Problem
In the listing below, find the line with "線香入れ 茶道具 竹筒 收藏" and the line with "Das Lounge-Kleid hat". Repeat those two lines and all lines between them exactly.

Data under study
·····
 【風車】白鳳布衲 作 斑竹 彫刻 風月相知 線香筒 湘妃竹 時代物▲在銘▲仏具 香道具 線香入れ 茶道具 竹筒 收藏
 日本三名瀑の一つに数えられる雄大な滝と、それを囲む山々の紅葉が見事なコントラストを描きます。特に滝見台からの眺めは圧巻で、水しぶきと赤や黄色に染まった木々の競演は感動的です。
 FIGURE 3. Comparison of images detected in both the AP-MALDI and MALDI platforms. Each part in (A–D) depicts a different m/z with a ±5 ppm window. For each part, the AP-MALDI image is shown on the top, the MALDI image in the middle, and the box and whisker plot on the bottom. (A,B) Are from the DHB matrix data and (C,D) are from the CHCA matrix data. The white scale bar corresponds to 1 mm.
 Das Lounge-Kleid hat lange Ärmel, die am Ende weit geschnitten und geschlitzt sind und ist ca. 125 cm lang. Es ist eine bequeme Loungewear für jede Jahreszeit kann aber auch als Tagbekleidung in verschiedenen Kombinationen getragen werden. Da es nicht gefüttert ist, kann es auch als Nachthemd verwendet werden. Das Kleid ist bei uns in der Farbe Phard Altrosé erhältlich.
·····
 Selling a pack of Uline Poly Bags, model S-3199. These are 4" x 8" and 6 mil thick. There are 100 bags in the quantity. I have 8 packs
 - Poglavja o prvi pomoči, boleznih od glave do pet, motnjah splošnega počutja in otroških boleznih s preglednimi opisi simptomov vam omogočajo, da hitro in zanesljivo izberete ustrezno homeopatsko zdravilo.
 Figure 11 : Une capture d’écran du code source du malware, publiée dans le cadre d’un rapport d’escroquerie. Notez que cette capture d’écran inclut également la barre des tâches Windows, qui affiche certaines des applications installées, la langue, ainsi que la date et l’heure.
·····
Response box
 【風車】白鳳布衲 作 斑竹 彫刻 風月相知 線香筒 湘妃竹 時代物▲在銘▲仏具 香道具 線香入れ 茶道具 竹筒 收藏
 日本三名瀑の一つに数えられる雄大な滝と、それを囲む山々の紅葉が見事なコントラストを描きます。特に滝見台からの眺めは圧巻で、水しぶきと赤や黄色に染まった木々の競演は感動的です。
 FIGURE 3. Comparison of images detected in both the AP-MALDI and MALDI platforms. Each part in (A–D) depicts a different m/z with a ±5 ppm window. For each part, the AP-MALDI image is shown on the top, the MALDI image in the middle, and the box and whisker plot on the bottom. (A,B) Are from the DHB matrix data and (C,D) are from the CHCA matrix data. The white scale bar corresponds to 1 mm.
 Das Lounge-Kleid hat lange Ärmel, die am Ende weit geschnitten und geschlitzt sind und ist ca. 125 cm lang. Es ist eine bequeme Loungewear für jede Jahreszeit kann aber auch als Tagbekleidung in verschiedenen Kombinationen getragen werden. Da es nicht gefüttert ist, kann es auch als Nachthemd verwendet werden. Das Kleid ist bei uns in der Farbe Phard Altrosé erhältlich.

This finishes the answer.